To do
In full and without alteration, print the records below, minus any images.

***** Records for processing

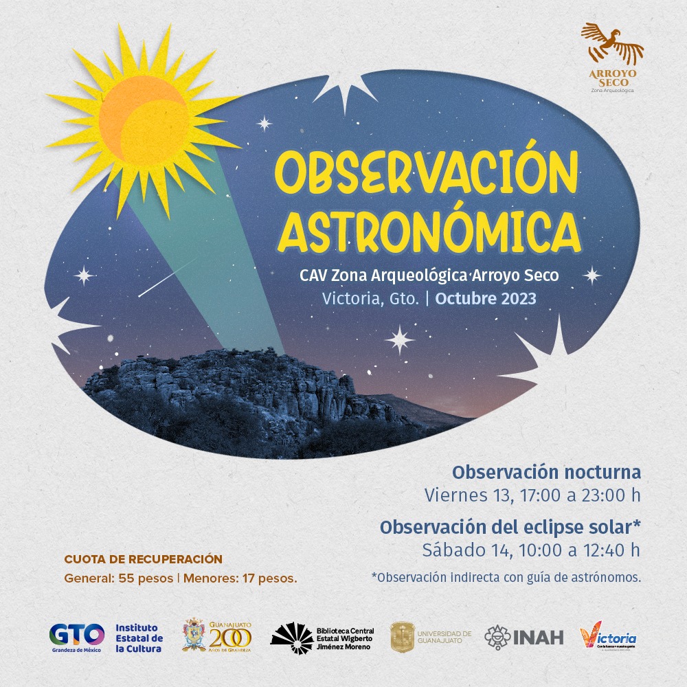 La Dra. Elcia Margareth Souza Brito, profesora e investigadora de la División de Ingenierías (DI) del Campus Guanajuato y la doctorando en Astrofísica, Martha Margarita López Gutiérrez, en colaboración con el Instituto Estatal de Cultura (IEC), la Biblioteca Central Estatal Wigberto Jiménez Moreno y el Centro INAH Guanajuato, invitan a acudir a las observaciones astronómicas en la zona arqueológica de Arroyo Seco, en el en municipio de Victoria, a realizarse el viernes 13 de 17:00 a 23:00 horas y el sábado de 9:00 a 12:40 horas.
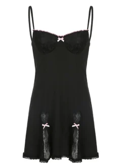 Sleeveless spaghetti strap dress, bowknot decor, contrast color, lace trim, simple and stylish.
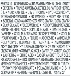 AQUA / WATER / EAU • ALCOHOL DENAT. • GLYCERIN • PRUNUS ARMENIACA KERNEL OIL / APRICOT KERNEL OIL • NIACINAMIDE • DIMETHICONE • HYDROXYPROPYL TETRAHYDROPYRANTRIOL • PROPANEDIOL • PROPYLENE GLYCOL • ISONONYL ISONONANOATE • ZEA MAYS STARCH / CORN STARCH • SILICA SILYLATE • POLOXAMER 338 • HYDROXYETHYLPIPERAZINE ETHANE SULFONIC ACID • OCTYLDODECANOL • DIMETHICONOL • CAFFEINE • SODIUM ACRYLATES CROSSPOLYMER-2 • SODIUM HYALURONATE • SILICA • PERLITE • ADENOSINE • AMMONIUM POLYACRYLOYLDIMETHYL TAURATE • AMMONIUM ACRYLOYLDIMETHYLTAURATE/STEARETH-25 METHACRYLATE CROSSPOLYMER • CAPRYLYL GLYCOL • CAPRYLOYL SALICYLIC ACID • LAURETH-7 • CITRIC ACID • CASSIA ANGUSTIFOLIA SEED POLYSACCHARIDE • TRISODIUM ETHYLENEDIAMINE DISUCCINATE • MENTHOXYPROPANEDIOL • PENTAERYTHRITYL TETRA-DI-T-BUTYL HYDROXYHYDROCINNAMATE • POLYACRYLAMIDE • C13-14 ISOPARAFFIN • PARFUM / FRAGRANCE
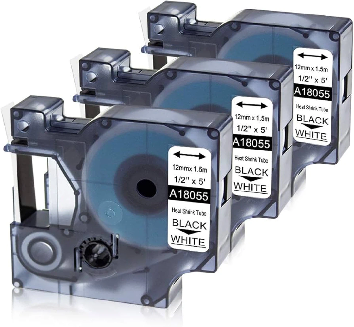 Three rolls of DYMO A18055 heat shrink tube label tape. Each roll is 12mm wide and 1.5m (5 ft) long, designed for wrapping wire and cable. Tape is black on white.
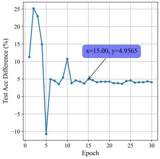 From Figure 12, it can be seen that the addition of the feature enhancement layer significantly improves the classification effect. After the model converges, the stable accuracy increases by up to nearly 5%. The optimal accuracy improvement is 4%.
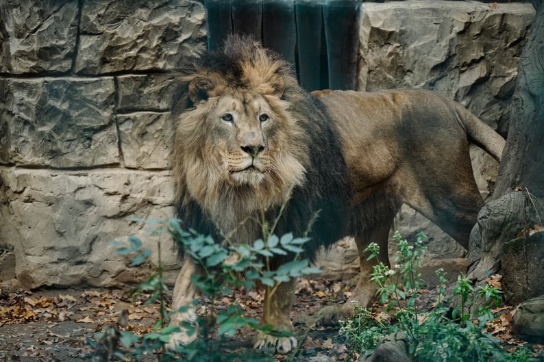 Лев, який живе в екопарку під Харковом, жовтень 2025 року. Суспільне Харків/Вікторія Якименко
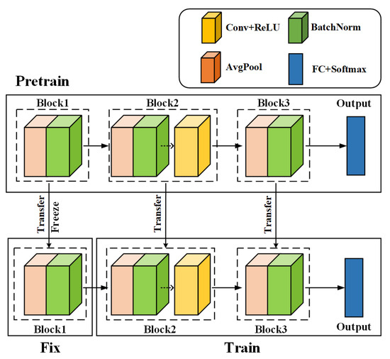 The process of transfer learning. Parameters of three convolutional blocks in the pretrained source model were first transferred to the target model, serving as the initial value of the parameters. The parameters of Block1 were then fixed without updating, while Block2, Block3, and the fully connected layer were finetuned using the target data.
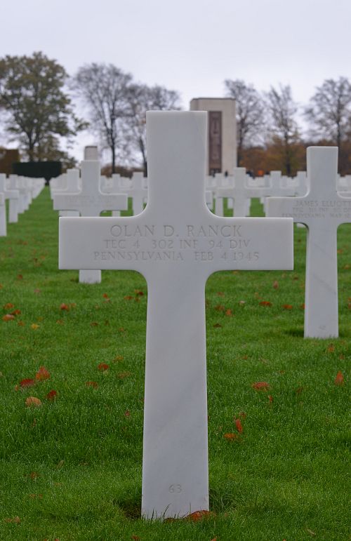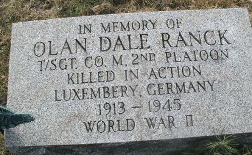 T/4 Olan D. Ranck attended high school for 2 years and was a mechanic. He enlisted in Harrisburg, Pennsylvania on 28 May 1942.He was killed by shell fragmentation wounds to the chest and arms.
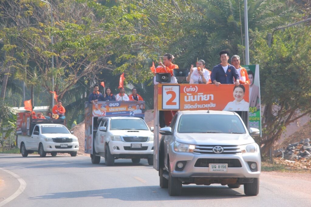 จากนั้นณัฐพงษ์และนันทิยาขึ้นรถแห่หาเสียงรอบพื้นที่ตำบลบางพรม ตำบลบางคนที และตำบลบางนกแขวก ขอคะแนนเสียงชาวแม่กลอง ก่อนเดินทางไปยังตลาดอัมพวา โดยระหว่างขึ้นรถแห่หาเสียง ณัฐพงษ์ได้ปราศรัยเชิญชวนประชาชนไปใช้สิทธิ์เลือกตั้ง อบจ. ขอชัยชนะให้ เก่ง นันทิยา ในวันที่ 1 กุมภาพันธ์นี้ มั่นใจนันทิยาจะไม่ทำให้ชาวแม่กลองผิดหวัง เนื่องจากประสบการณ์การทำงาน ความคุ้นเคยกับพื้นที่ รู้ลึก รู้จริงถึงปัญหา โดยระหว่างเส้นทางปราศรัย มีพี่น้องประชาชนออกมาทักทายและส่งเสียงให้กำลัง
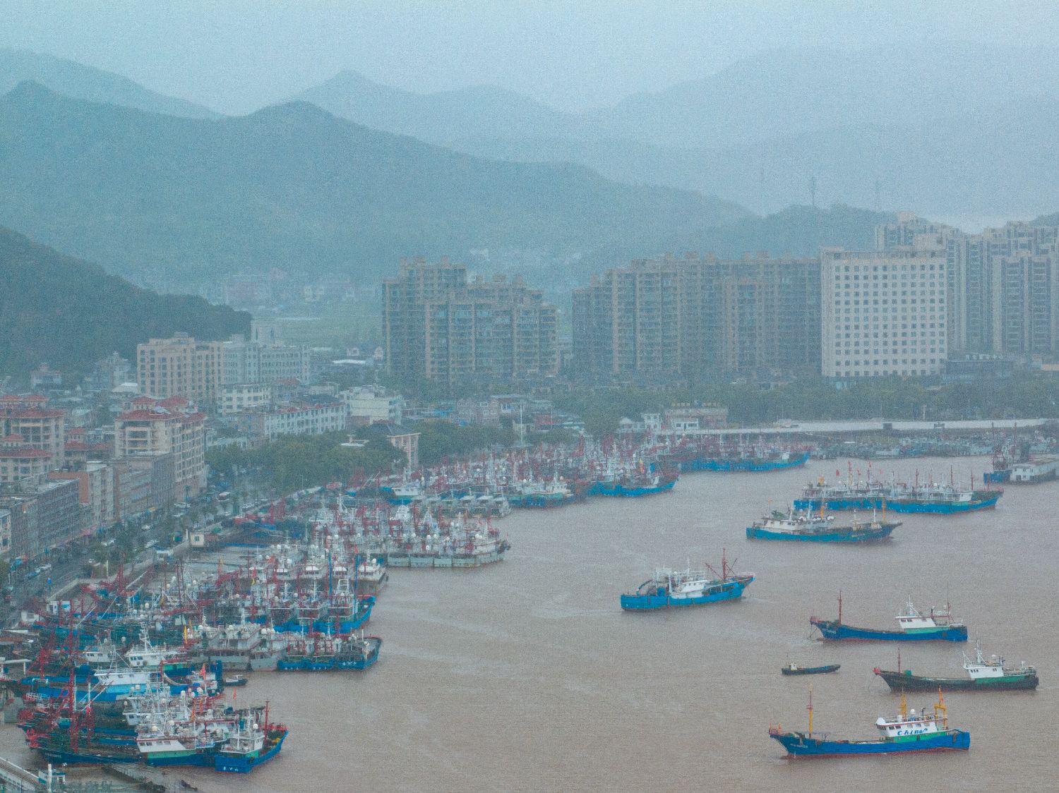 受其影响,浙江省宁波市象山县出现强降雨,当地船只归港避风,轮渡汽渡停航。图为7月29日,受台风“竹节草”影响,船只驶入宁波市象山县石浦港避风。
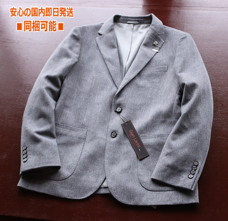 新品■高級セレブGIANLARINI50*カシミヤ ウール60% テーラードジャケット L グレー◆メンズ 軽量 ブレザー 秋冬 ジャケット ビジネス 杢調
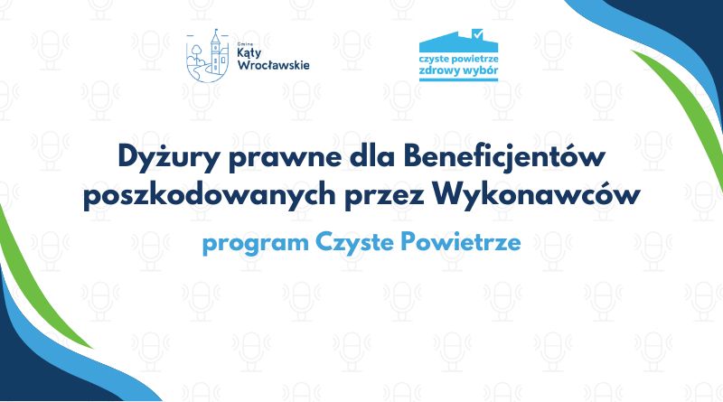 Informujemy, że zostały uruchomione bezpłatne dyżury prawne dla pokrzywdzonych Beneficjentów programu Czyste Powietrze. To okazja, aby zasięgnąć porady eksperta w przypadku problemów z nieuczciwym wykonawcą. Organizatorem spotkań jest WFOŚiGW we Wrocławiu.
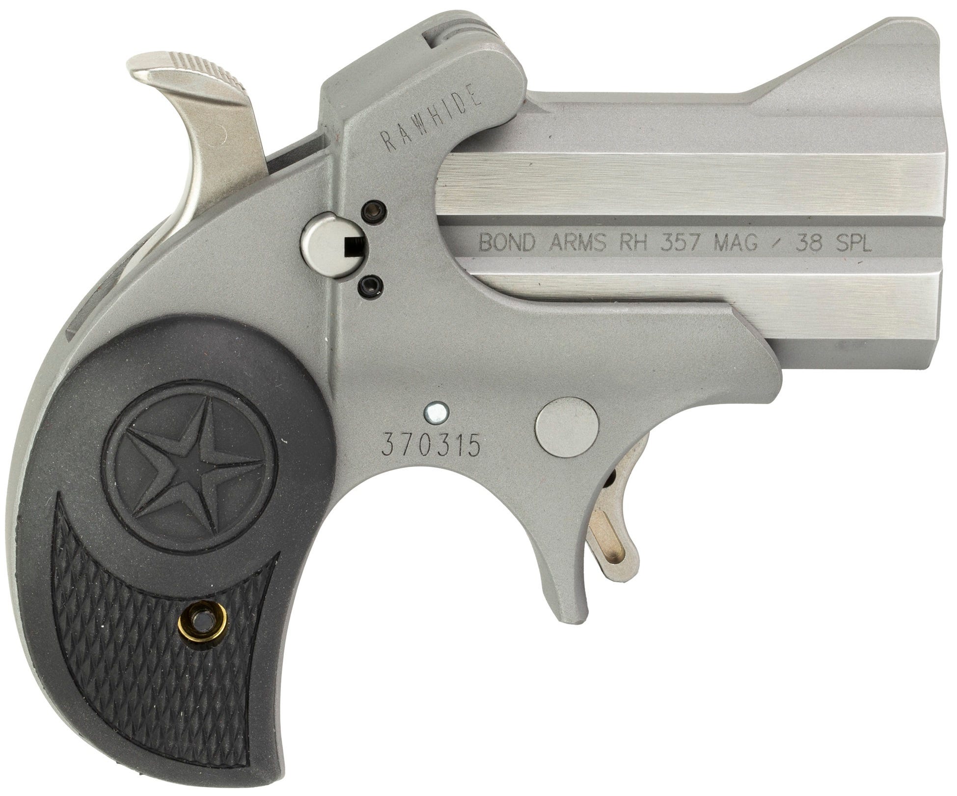 Bond Arms, MFG# BARHR – 357/38, UPC: 855959003233, UOM: EA, Rawhide, .357/.38 Special, 2.5″ Barrel, Fixed Sights, Black Rubber Grip, Stainless, 2-rd, BOND, BONDHG25, BONDHGALL, HG25, HGALL
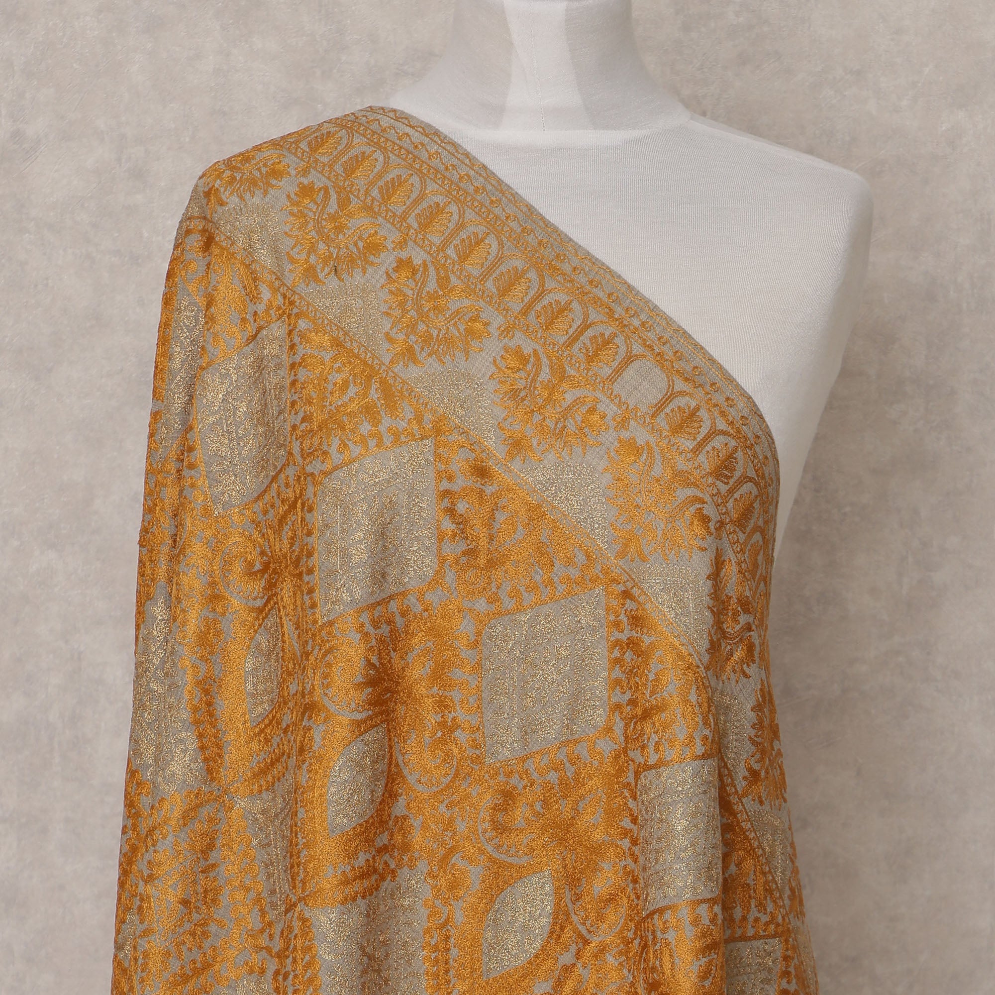 This beige and mustard geometric motif premium Kashmiri pashmina shawl is a fine example of timeless artistry blended with luxurious comfort. The beige base serves as a subtle canvas for the intricate mustard geometric motifs, creating a striking yet elegant appeal. Crafted from premium quality pashmina, this shawl is exceptionally soft, lightweight, and warm, making it perfect for every season. Its generous size of 210X100 cms allows versatile draping styles, whether you want to wear it over a saree, lehenga, or modern attire. Each piece reflects Kashmiri heritage through detailed weaving patterns that elevate its traditional charm while keeping it suitable for contemporary fashion. A true heirloom, this handcrafted shawl from India brings a touch of sophistication and cultural richness to your wardrobe, ensuring both elegance and comfort.

**********

Answer for this exercise
 La Dra. Elcia Margareth Souza Brito, profesora e investigadora de la División de Ingenierías (DI) del Campus Guanajuato y la doctorando en Astrofísica, Martha Margarita López Gutiérrez, en colaboración con el Instituto Estatal de Cultura (IEC), la Biblioteca Central Estatal Wigberto Jiménez Moreno y el Centro INAH Guanajuato, invitan a acudir a las observaciones astronómicas en la zona arqueológica de Arroyo Seco, en el en municipio de Victoria, a realizarse el viernes 13 de 17:00 a 23:00 horas y el sábado de 9:00 a 12:40 horas.
 Sleeveless spaghetti strap dress, bowknot decor, contrast color, lace trim, simple and stylish.
 AQUA / WATER / EAU • ALCOHOL DENAT. • GLYCERIN • PRUNUS ARMENIACA KERNEL OIL / APRICOT KERNEL OIL • NIACINAMIDE • DIMETHICONE • HYDROXYPROPYL TETRAHYDROPYRANTRIOL • PROPANEDIOL • PROPYLENE GLYCOL • ISONONYL ISONONANOATE • ZEA MAYS STARCH / CORN STARCH • SILICA SILYLATE • POLOXAMER 338 • HYDROXYETHYLPIPERAZINE ETHANE SULFONIC ACID • OCTYLDODECANOL • DIMETHICONOL • CAFFEINE • SODIUM ACRYLATES CROSSPOLYMER-2 • SODIUM HYALURONATE • SILICA • PERLITE • ADENOSINE • AMMONIUM POLYACRYLOYLDIMETHYL TAURATE • AMMONIUM ACRYLOYLDIMETHYLTAURATE/STEARETH-25 METHACRYLATE CROSSPOLYMER • CAPRYLYL GLYCOL • CAPRYLOYL SALICYLIC ACID • LAURETH-7 • CITRIC ACID • CASSIA ANGUSTIFOLIA SEED POLYSACCHARIDE • TRISODIUM ETHYLENEDIAMINE DISUCCINATE • MENTHOXYPROPANEDIOL • PENTAERYTHRITYL TETRA-DI-T-BUTYL HYDROXYHYDROCINNAMATE • POLYACRYLAMIDE • C13-14 ISOPARAFFIN • PARFUM / FRAGRANCE
 Three rolls of DYMO A18055 heat shrink tube label tape. Each roll is 12mm wide and 1.5m (5 ft) long, designed for wrapping wire and cable. Tape is black on white.
 From Figure 12, it can be seen that the addition of the feature enhancement layer significantly improves the classification effect. After the model converges, the stable accuracy increases by up to nearly 5%. The optimal accuracy improvement is 4%.
 Лев, який живе в екопарку під Харковом, жовтень 2025 року. Суспільне Харків/Вікторія Якименко
 The process of transfer learning. Parameters of three convolutional blocks in the pretrained source model were first transferred to the target model, serving as the initial value of the parameters. The parameters of Block1 were then fixed without updating, while Block2, Block3, and the fully connected layer were finetuned using the target data.
 T/4 Olan D. Ranck attended high school for 2 years and was a mechanic. He enlisted in Harrisburg, Pennsylvania on 28 May 1942.He was killed by shell fragmentation wounds to the chest and arms.
 จากนั้นณัฐพงษ์และนันทิยาขึ้นรถแห่หาเสียงรอบพื้นที่ตำบลบางพรม ตำบลบางคนที และตำบลบางนกแขวก ขอคะแนนเสียงชาวแม่กลอง ก่อนเดินทางไปยังตลาดอัมพวา โดยระหว่างขึ้นรถแห่หาเสียง ณัฐพงษ์ได้ปราศรัยเชิญชวนประชาชนไปใช้สิทธิ์เลือกตั้ง อบจ. ขอชัยชนะให้ เก่ง นันทิยา ในวันที่ 1 กุมภาพันธ์นี้ มั่นใจนันทิยาจะไม่ทำให้ชาวแม่กลองผิดหวัง เนื่องจากประสบการณ์การทำงาน ความคุ้นเคยกับพื้นที่ รู้ลึก รู้จริงถึงปัญหา โดยระหว่างเส้นทางปราศรัย มีพี่น้องประชาชนออกมาทักทายและส่งเสียงให้กำลัง
 受其影响,浙江省宁波市象山县出现强降雨,当地船只归港避风,轮渡汽渡停航。图为7月29日,受台风“竹节草”影响,船只驶入宁波市象山县石浦港避风。
 新品■高級セレブGIANLARINI50*カシミヤ ウール60% テーラードジャケット L グレー◆メンズ 軽量 ブレザー 秋冬 ジャケット ビジネス 杢調
 Informujemy, że zostały uruchomione bezpłatne dyżury prawne dla pokrzywdzonych Beneficjentów programu Czyste Powietrze. To okazja, aby zasięgnąć porady eksperta w przypadku problemów z nieuczciwym wykonawcą. Organizatorem spotkań jest WFOŚiGW we Wrocławiu.
 Bond Arms, MFG# BARHR – 357/38, UPC: 855959003233, UOM: EA, Rawhide, .357/.38 Special, 2.5″ Barrel, Fixed Sights, Black Rubber Grip, Stainless, 2-rd, BOND, BONDHG25, BONDHGALL, HG25, HGALL
 This beige and mustard geometric motif premium Kashmiri pashmina shawl is a fine example of timeless artistry blended with luxurious comfort. The beige base serves as a subtle canvas for the intricate mustard geometric motifs, creating a striking yet elegant appeal. Crafted from premium quality pashmina, this shawl is exceptionally soft, lightweight, and warm, making it perfect for every season. Its generous size of 210X100 cms allows versatile draping styles, whether you want to wear it over a saree, lehenga, or modern attire. Each piece reflects Kashmiri heritage through detailed weaving patterns that elevate its traditional charm while keeping it suitable for contemporary fashion. A true heirloom, this handcrafted shawl from India brings a touch of sophistication and cultural richness to your wardrobe, ensuring both elegance and comfort.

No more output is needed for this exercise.